■ **Work instructions**
Exact copy, no pictures: return all the data below as written.

■ **Given material**
[Start of Attachment]

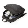 Streamlined styling and intelligently placed features add up to a minimalist footprint with this 600D & 1680D polyester backpack. 1 big main compartment sized to fit laptops with up to 17 inch displays. Second compartment with practical organisation for everything else you need to carry. With side mesh water bottle pocket. PVC free.
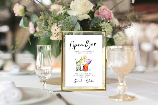 Watercolour cocktails open bar menu, 8x10 Editable table sign, wedding drink sign, bar menu template, modern bar sign, wedding table signs
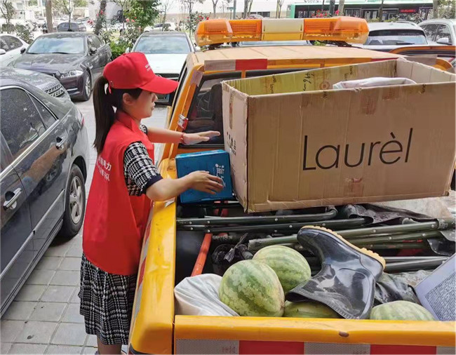 ——“使命在肩”相映“红色”昂扬。作为共产党员服务队的一员,着装上志愿者服装,就要将共产党员的光荣形象展现在服务河南电力抢险救援后勤保障服务的光荣战场。在此期间,接到河南省电力公司送来物资十几批,接到河南省电力医院送来医疗物资十余批,接到金水区街道办、社会爱心人士等社会单位捐赠食物和衣物十余批,一批批的物资,一件件的慰问品。对王丹来说,搬运是最难的事儿,有时候一批物资就是100箱,她和现场驻地的志愿者,经常顶着大太阳饿着肚子坚持搬运完,只会救援人员回来能及时补充物资保证救援人员的需求。作为一名志愿者,她是现场最鲜艳的颜色,酒店停水了,她联系,物品不够了,她去申报,急需物资送不到,她去沿街寻找超市自掏腰包给前线人员购买,就是一个十足的大管家,事无巨细,都在脑子里,都得在手心里。就是这样的行动和作为,正是这份责任和使命,让共产党员服务队的“志愿红”颜色更亮。
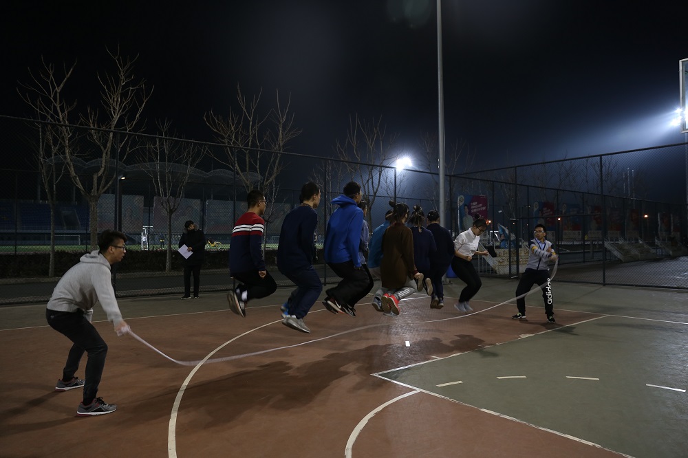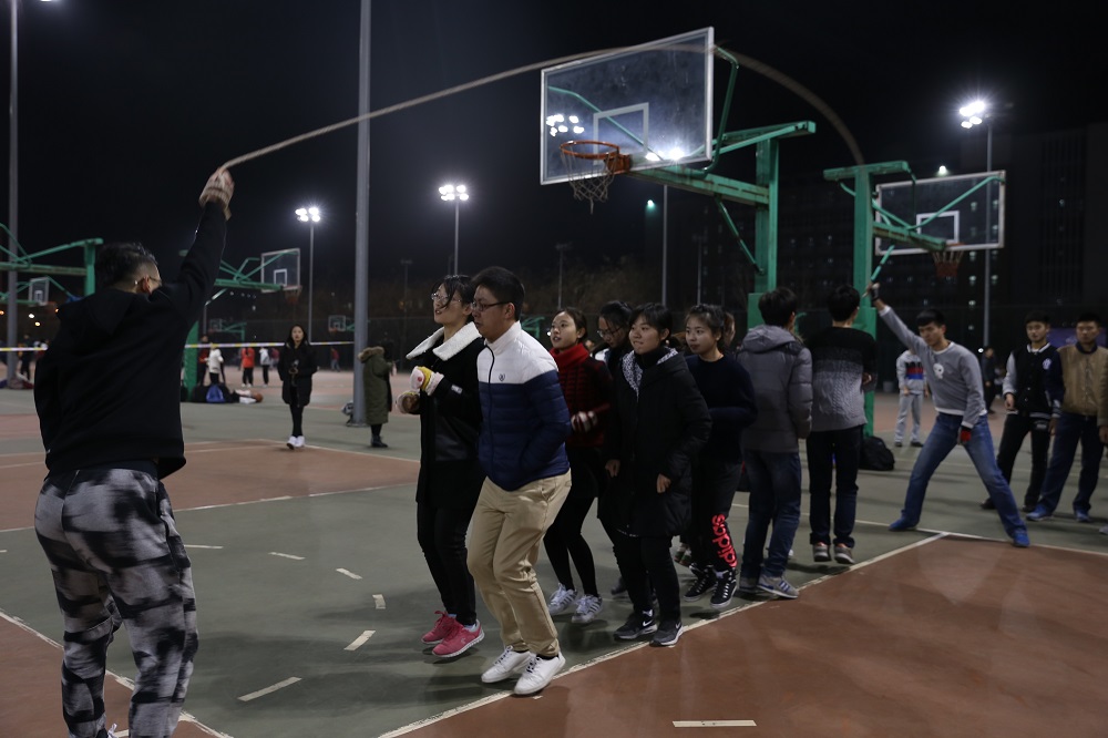 尽管夜晚天气寒冷,参赛的同学们仍然提前来到了比赛场地组织练习,希望在练习中得以相互磨合,在比赛中能够有更加默契的配合。与淘汰赛的规则不同,决赛中每支队伍全体参赛队员一起跳绳,计时4分钟,总数多的队伍获胜。

[End of Attachment]

■ **Response**
 Streamlined styling and intelligently placed features add up to a minimalist footprint with this 600D & 1680D polyester backpack. 1 big main compartment sized to fit laptops with up to 17 inch displays. Second compartment with practical organisation for everything else you need to carry. With side mesh water bottle pocket. PVC free.
 Watercolour cocktails open bar menu, 8x10 Editable table sign, wedding drink sign, bar menu template, modern bar sign, wedding table signs
 ——“使命在肩”相映“红色”昂扬。作为共产党员服务队的一员,着装上志愿者服装,就要将共产党员的光荣形象展现在服务河南电力抢险救援后勤保障服务的光荣战场。在此期间,接到河南省电力公司送来物资十几批,接到河南省电力医院送来医疗物资十余批,接到金水区街道办、社会爱心人士等社会单位捐赠食物和衣物十余批,一批批的物资,一件件的慰问品。对王丹来说,搬运是最难的事儿,有时候一批物资就是100箱,她和现场驻地的志愿者,经常顶着大太阳饿着肚子坚持搬运完,只会救援人员回来能及时补充物资保证救援人员的需求。作为一名志愿者,她是现场最鲜艳的颜色,酒店停水了,她联系,物品不够了,她去申报,急需物资送不到,她去沿街寻找超市自掏腰包给前线人员购买,就是一个十足的大管家,事无巨细,都在脑子里,都得在手心里。就是这样的行动和作为,正是这份责任和使命,让共产党员服务队的“志愿红”颜色更亮。
 尽管夜晚天气寒冷,参赛的同学们仍然提前来到了比赛场地组织练习,希望在练习中得以相互磨合,在比赛中能够有更加默契的配合。与淘汰赛的规则不同,决赛中每支队伍全体参赛队员一起跳绳,计时4分钟,总数多的队伍获胜。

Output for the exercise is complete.